- **EXCERPTED RECORDS**:
== Segment start ==

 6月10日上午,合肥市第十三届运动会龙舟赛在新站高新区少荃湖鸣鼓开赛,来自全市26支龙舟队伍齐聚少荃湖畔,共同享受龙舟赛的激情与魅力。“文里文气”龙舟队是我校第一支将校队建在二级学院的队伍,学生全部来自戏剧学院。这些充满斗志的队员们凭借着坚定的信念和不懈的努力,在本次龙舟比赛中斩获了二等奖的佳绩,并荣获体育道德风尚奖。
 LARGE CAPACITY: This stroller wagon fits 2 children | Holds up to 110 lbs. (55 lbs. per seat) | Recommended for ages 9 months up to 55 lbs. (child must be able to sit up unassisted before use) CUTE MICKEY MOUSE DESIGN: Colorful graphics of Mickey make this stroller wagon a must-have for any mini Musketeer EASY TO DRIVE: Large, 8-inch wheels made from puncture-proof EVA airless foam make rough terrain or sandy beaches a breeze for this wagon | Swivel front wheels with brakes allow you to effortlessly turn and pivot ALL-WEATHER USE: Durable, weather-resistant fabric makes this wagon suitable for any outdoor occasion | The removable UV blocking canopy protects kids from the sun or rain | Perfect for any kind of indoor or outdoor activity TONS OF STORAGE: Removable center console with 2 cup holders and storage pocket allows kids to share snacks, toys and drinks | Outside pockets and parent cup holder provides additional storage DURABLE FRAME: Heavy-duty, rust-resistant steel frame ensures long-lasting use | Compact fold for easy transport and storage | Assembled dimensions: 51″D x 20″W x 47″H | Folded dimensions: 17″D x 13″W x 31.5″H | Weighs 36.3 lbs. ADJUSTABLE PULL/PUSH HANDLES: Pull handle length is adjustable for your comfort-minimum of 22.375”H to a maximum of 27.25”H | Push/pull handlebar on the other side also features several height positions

== Segment end ==
== Segment start ==

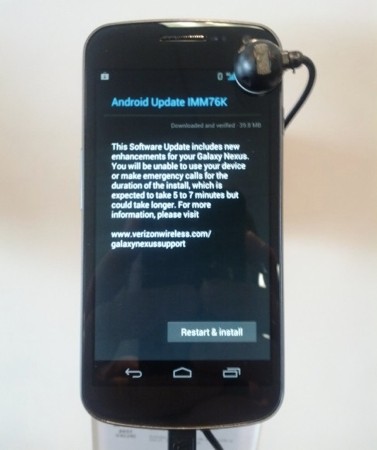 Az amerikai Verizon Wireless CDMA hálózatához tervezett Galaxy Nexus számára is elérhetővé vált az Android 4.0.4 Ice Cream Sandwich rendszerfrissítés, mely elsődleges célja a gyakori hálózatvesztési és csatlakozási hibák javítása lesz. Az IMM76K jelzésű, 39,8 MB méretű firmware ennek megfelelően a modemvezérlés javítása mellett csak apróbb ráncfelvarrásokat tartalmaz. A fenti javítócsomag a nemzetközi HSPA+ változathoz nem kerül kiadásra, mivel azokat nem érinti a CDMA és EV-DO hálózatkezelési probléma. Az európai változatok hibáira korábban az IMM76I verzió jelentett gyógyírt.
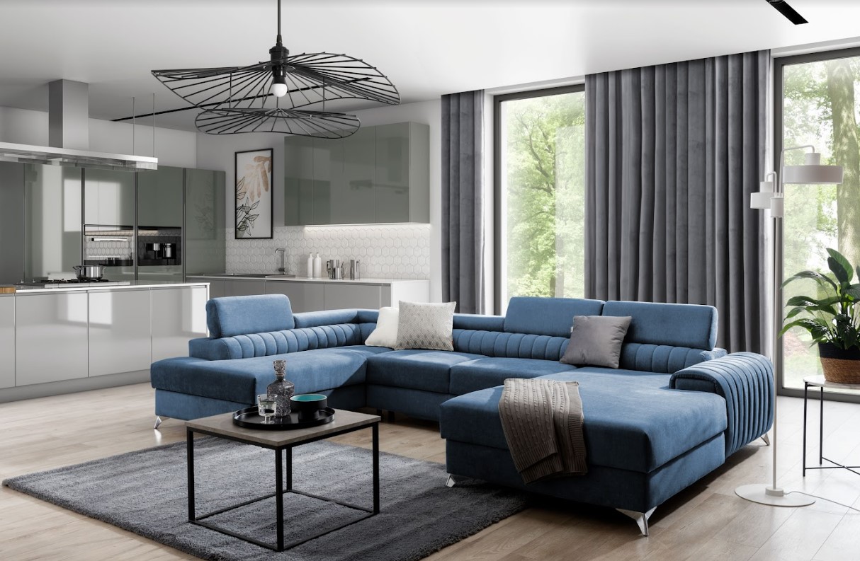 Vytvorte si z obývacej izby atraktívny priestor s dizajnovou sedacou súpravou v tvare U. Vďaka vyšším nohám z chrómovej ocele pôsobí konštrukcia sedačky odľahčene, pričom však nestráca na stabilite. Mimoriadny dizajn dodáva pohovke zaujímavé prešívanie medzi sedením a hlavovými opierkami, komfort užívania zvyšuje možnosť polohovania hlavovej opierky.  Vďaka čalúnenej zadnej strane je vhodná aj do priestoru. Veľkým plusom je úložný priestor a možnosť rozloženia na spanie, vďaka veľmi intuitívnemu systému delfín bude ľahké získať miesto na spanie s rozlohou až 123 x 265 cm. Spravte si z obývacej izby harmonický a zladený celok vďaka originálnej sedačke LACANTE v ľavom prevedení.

== Segment end ==
== Segment start ==

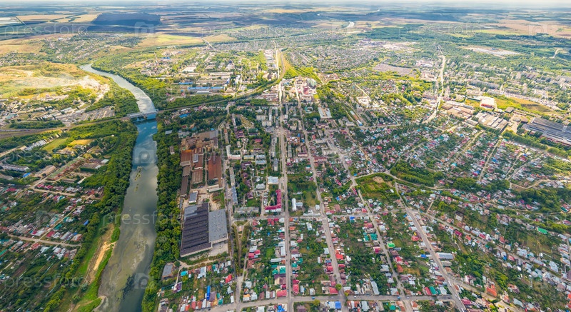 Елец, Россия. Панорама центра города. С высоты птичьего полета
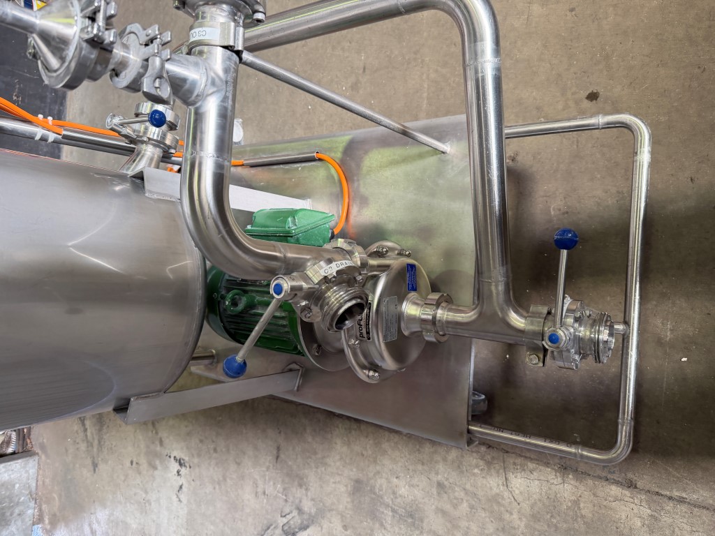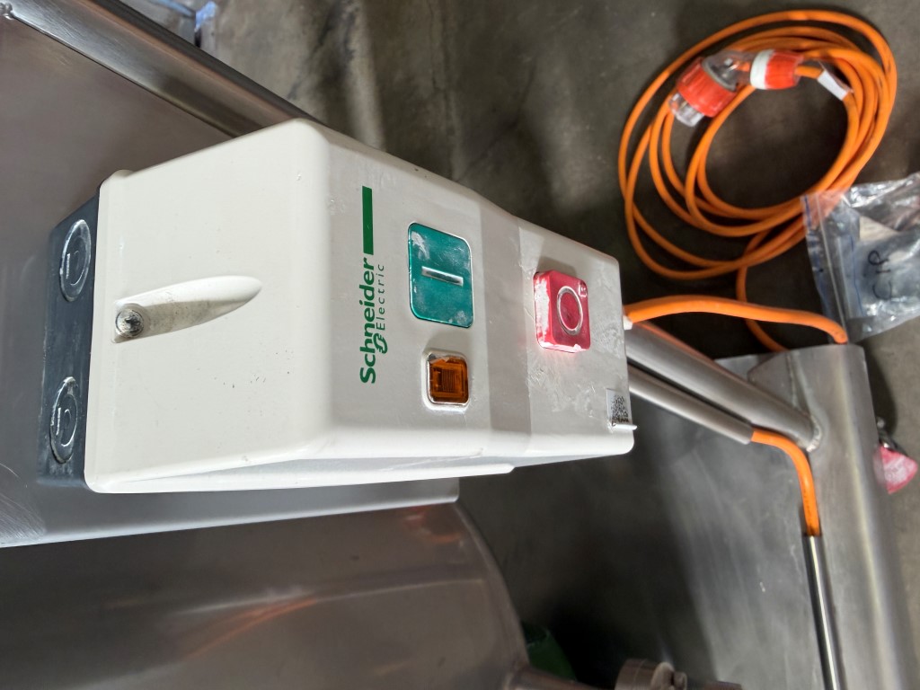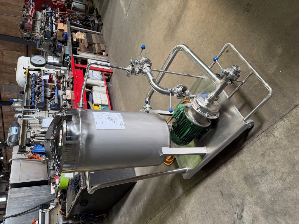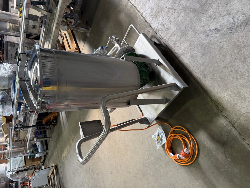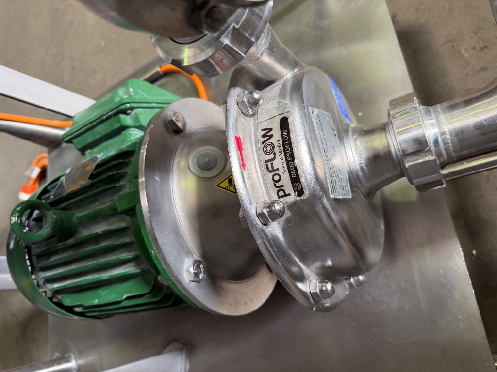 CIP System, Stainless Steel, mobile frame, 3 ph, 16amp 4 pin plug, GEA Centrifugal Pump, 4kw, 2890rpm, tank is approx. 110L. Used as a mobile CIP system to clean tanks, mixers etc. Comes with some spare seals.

== Segment end ==

- **TASK INSTRUCTIONS**: Up in the listing, locate the line with "Az amerikai Verizon"; print it and every line after it down to the line with "Vytvorte si z", which is included too. Skip the pictures.

- **PROBLEM SOLUTION**:
 Az amerikai Verizon Wireless CDMA hálózatához tervezett Galaxy Nexus számára is elérhetővé vált az Android 4.0.4 Ice Cream Sandwich rendszerfrissítés, mely elsődleges célja a gyakori hálózatvesztési és csatlakozási hibák javítása lesz. Az IMM76K jelzésű, 39,8 MB méretű firmware ennek megfelelően a modemvezérlés javítása mellett csak apróbb ráncfelvarrásokat tartalmaz. A fenti javítócsomag a nemzetközi HSPA+ változathoz nem kerül kiadásra, mivel azokat nem érinti a CDMA és EV-DO hálózatkezelési probléma. Az európai változatok hibáira korábban az IMM76I verzió jelentett gyógyírt.
 Vytvorte si z obývacej izby atraktívny priestor s dizajnovou sedacou súpravou v tvare U. Vďaka vyšším nohám z chrómovej ocele pôsobí konštrukcia sedačky odľahčene, pričom však nestráca na stabilite. Mimoriadny dizajn dodáva pohovke zaujímavé prešívanie medzi sedením a hlavovými opierkami, komfort užívania zvyšuje možnosť polohovania hlavovej opierky.  Vďaka čalúnenej zadnej strane je vhodná aj do priestoru. Veľkým plusom je úložný priestor a možnosť rozloženia na spanie, vďaka veľmi intuitívnemu systému delfín bude ľahké získať miesto na spanie s rozlohou až 123 x 265 cm. Spravte si z obývacej izby harmonický a zladený celok vďaka originálnej sedačke LACANTE v ľavom prevedení.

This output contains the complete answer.